[Try it]
Using the data that follows, return exactly the lines from the one that contains "12月8日,在江蘇省新型能源" through the one that contains "குறித்த துண்டுப்பிரசுரத்தில் பாலியல்", ends included.

[The records]
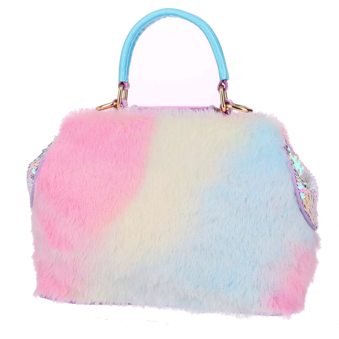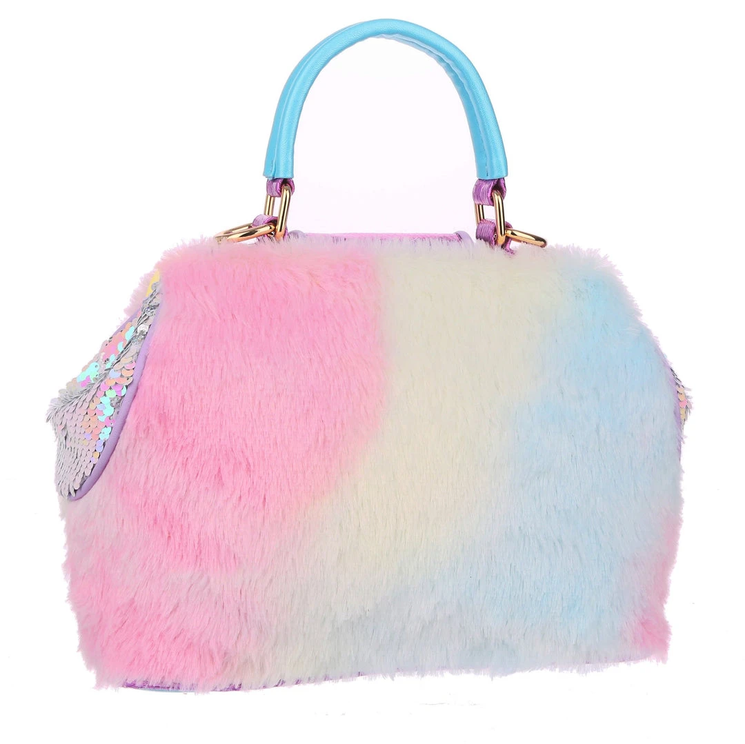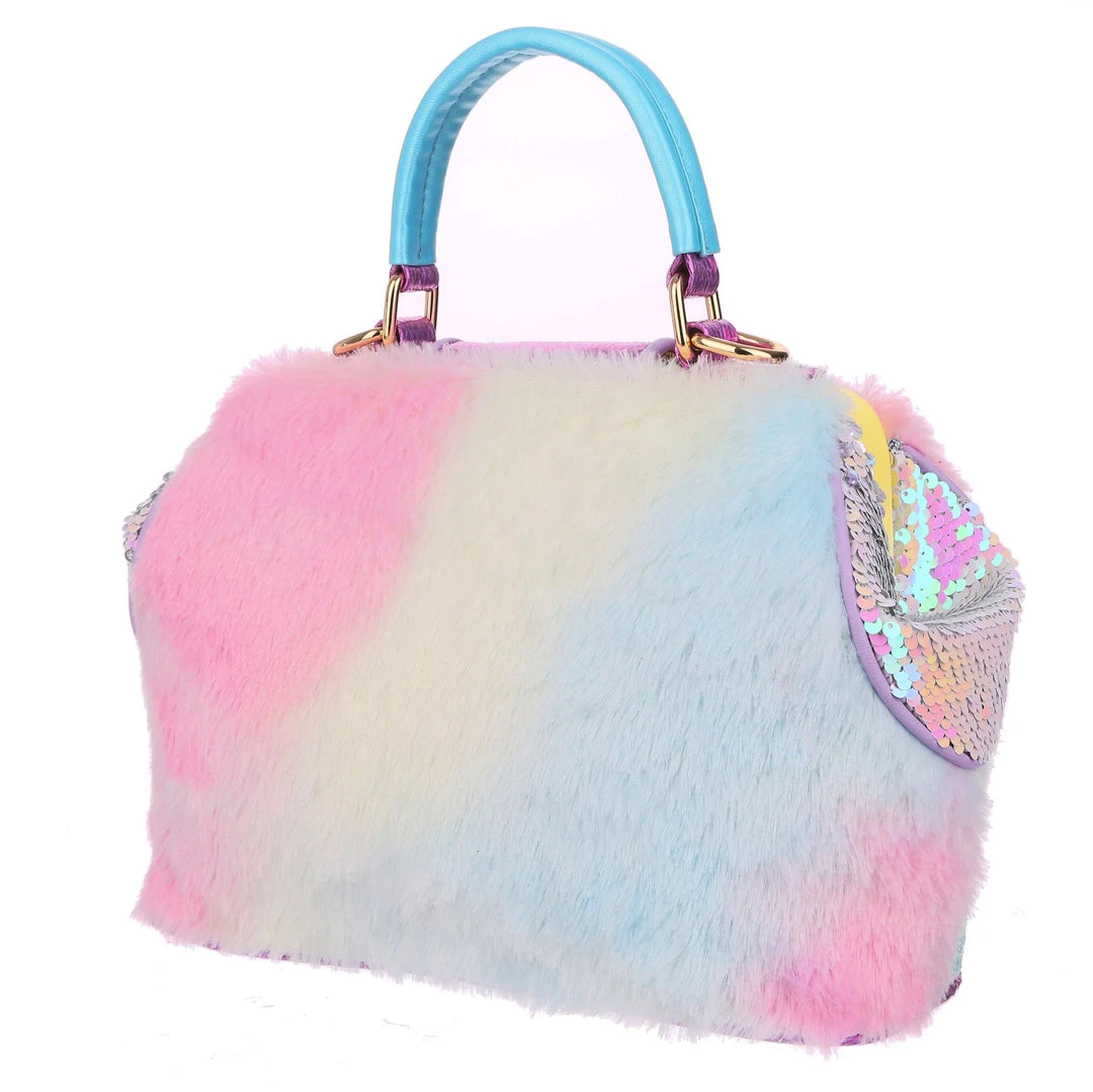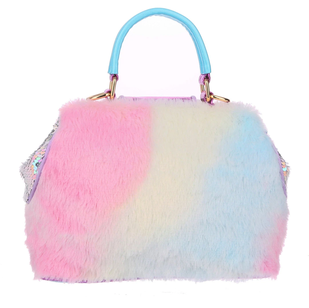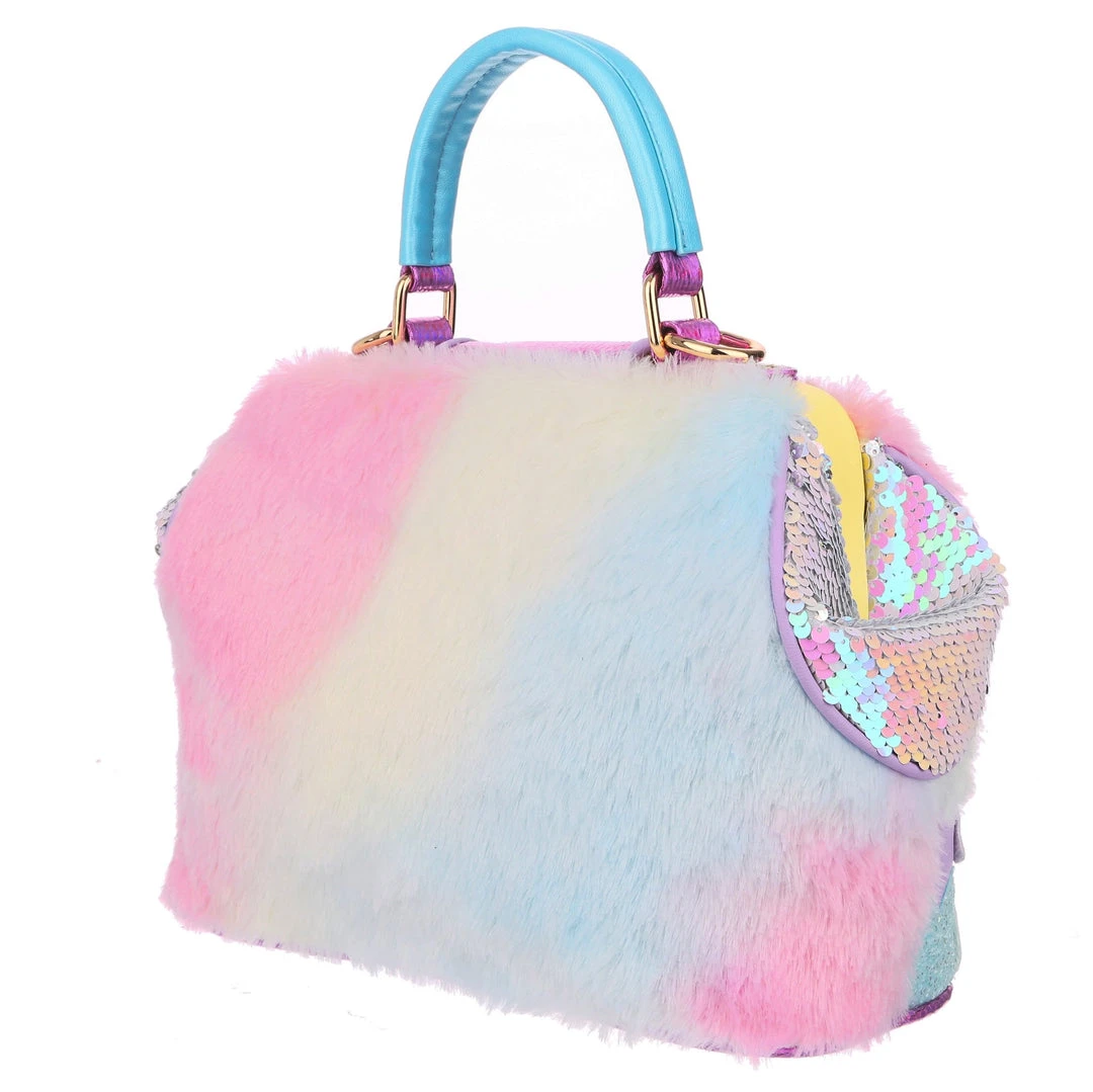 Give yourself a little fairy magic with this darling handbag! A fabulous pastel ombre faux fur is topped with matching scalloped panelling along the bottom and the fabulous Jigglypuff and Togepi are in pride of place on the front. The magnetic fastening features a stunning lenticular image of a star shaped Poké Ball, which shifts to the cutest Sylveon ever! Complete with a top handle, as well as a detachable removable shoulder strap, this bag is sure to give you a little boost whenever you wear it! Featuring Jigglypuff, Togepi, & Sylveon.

* * *

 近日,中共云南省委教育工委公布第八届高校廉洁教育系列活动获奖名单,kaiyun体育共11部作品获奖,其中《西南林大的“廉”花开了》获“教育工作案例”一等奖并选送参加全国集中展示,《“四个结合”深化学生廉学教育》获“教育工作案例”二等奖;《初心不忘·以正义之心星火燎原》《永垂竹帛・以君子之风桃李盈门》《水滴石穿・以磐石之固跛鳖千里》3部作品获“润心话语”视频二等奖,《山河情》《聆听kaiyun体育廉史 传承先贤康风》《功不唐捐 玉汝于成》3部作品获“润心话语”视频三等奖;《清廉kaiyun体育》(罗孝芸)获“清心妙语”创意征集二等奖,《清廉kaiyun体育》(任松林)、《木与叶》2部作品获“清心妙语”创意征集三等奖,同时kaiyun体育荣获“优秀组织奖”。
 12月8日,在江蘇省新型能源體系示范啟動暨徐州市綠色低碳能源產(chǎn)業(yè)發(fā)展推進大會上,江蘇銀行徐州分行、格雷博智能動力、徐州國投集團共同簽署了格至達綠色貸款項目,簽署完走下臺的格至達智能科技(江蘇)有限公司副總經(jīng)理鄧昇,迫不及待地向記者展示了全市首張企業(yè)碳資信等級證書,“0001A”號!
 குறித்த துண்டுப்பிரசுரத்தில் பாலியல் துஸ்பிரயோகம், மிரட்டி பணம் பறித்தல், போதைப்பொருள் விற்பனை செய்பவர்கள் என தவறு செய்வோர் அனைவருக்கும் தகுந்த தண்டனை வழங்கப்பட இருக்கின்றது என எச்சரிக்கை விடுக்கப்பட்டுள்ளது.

[Exercise output]
 12月8日,在江蘇省新型能源體系示范啟動暨徐州市綠色低碳能源產(chǎn)業(yè)發(fā)展推進大會上,江蘇銀行徐州分行、格雷博智能動力、徐州國投集團共同簽署了格至達綠色貸款項目,簽署完走下臺的格至達智能科技(江蘇)有限公司副總經(jīng)理鄧昇,迫不及待地向記者展示了全市首張企業(yè)碳資信等級證書,“0001A”號!
 குறித்த துண்டுப்பிரசுரத்தில் பாலியல் துஸ்பிரயோகம், மிரட்டி பணம் பறித்தல், போதைப்பொருள் விற்பனை செய்பவர்கள் என தவறு செய்வோர் அனைவருக்கும் தகுந்த தண்டனை வழங்கப்பட இருக்கின்றது என எச்சரிக்கை விடுக்கப்பட்டுள்ளது.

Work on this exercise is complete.